About resonating neural networks
The concepts behind resonating neural networks can probably best be explained by means of the same mental exercise that I used for working out the core ideas. Basically, we are going to try and follow the journey that a single electrical impulse takes from start to end and translate this into a model.
Now, there are many possible starts: a single hair can move inside your inner ear, a taste cell can be activated, a ray of light can hit a cell on your retina and fire an electrical impulse, and so on. For this exercise, we are going to use the last one: the journey of a single visual impulse.
The process
So, once the cell on the retina did it’s work and the electrical impulse is activated, it travels along a nerve to the brain. From there, that single impulse will most likely activate 1 or more other neurons. These in turn will activate yet another part of the brain and so on and so on. Sometimes the activity can return to the same neurons, causing loop backs. Most likely, this activity somehow finally gets less and less until it dies out (although maybe not completely).
The model
Now, from this simple process, lets try and create a model that roughly mimics it. So lets pick up some points of interest from the previous description:
- the electrical impulse somehow divides itself over multiple path ways.
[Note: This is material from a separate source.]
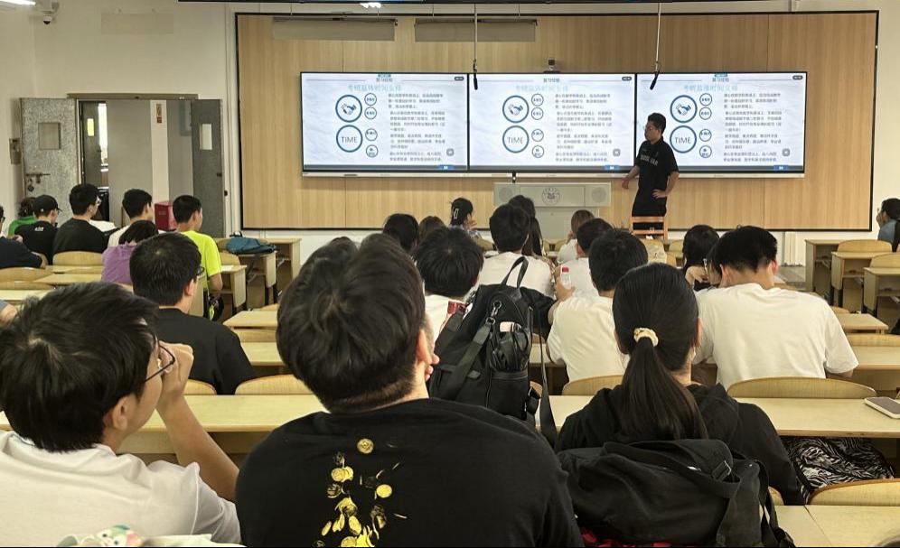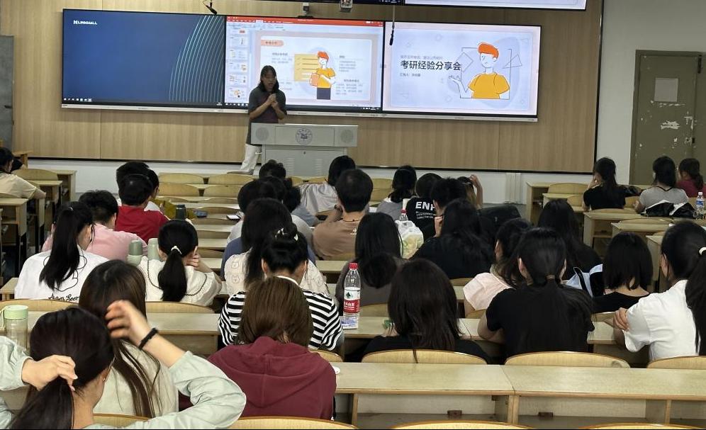 分享会上,24届优秀考研学生代表黄学杰、黄晶和汤铭鑫依次分享了考研择校标准、备考时间安排、初试复习经验等干货,针对高数、英语、政治、专业课等各类学科的学习特点,学长学姐们也分别介绍了各自的学习经验。在分享学习经验之余,学长学姐们对于备考过程中可能遇到的各类问题,包括动力不足、压力缓解以及如何保持最佳身心状态等都给出了许多建议,帮助学弟学妹们树立信心,培养良好的备考心态。

- some of these paths die out, others grow.
- there are loop backs
- an electrical signal has a direction: it goes from one point to (an)other(s).
- an electrical signal travels along a path (axons)
- paths connect neural cells
The first thing to notice: something must be happening to the signal cause it is changing. Now, here is where I put down a rule: whatever it is that’s causing these changes, it must either be another neural cell or a pathway (axon), nothing else allowed.
And this is when the idea of resonance was born: what if there are 1 ore more neural cells reacting to the very fact that there is an electrical signal travelling along a pathway, because a cell released some sort of chemicals or some sort of interaction between the 2? Now, suppose that there are various types of neurons, some of which can change or manipulate other parts of the neural network. These cells could be grouped together into a single cluster and react in sequence to the electrical signal, thus giving the ability to manipulate and change the very signal that caused the activity in the first place.
And thus we get to a programmable network.
A second thing to notice is the ‘split’ behaviour. If there are more neural cells than there are nerves coming into the brain, than the only way that those other neural cells can be activated, is if somehow the electrical impulse divides itself. To mimic this, I introduced the concept of the ‘split’ instruction. This is a neuron that’s able to change the electrical signal itself by duplicating it and it’s current processing state. Each duplicate however, has small, predetermined variations, causing each signal’s path to grow apart.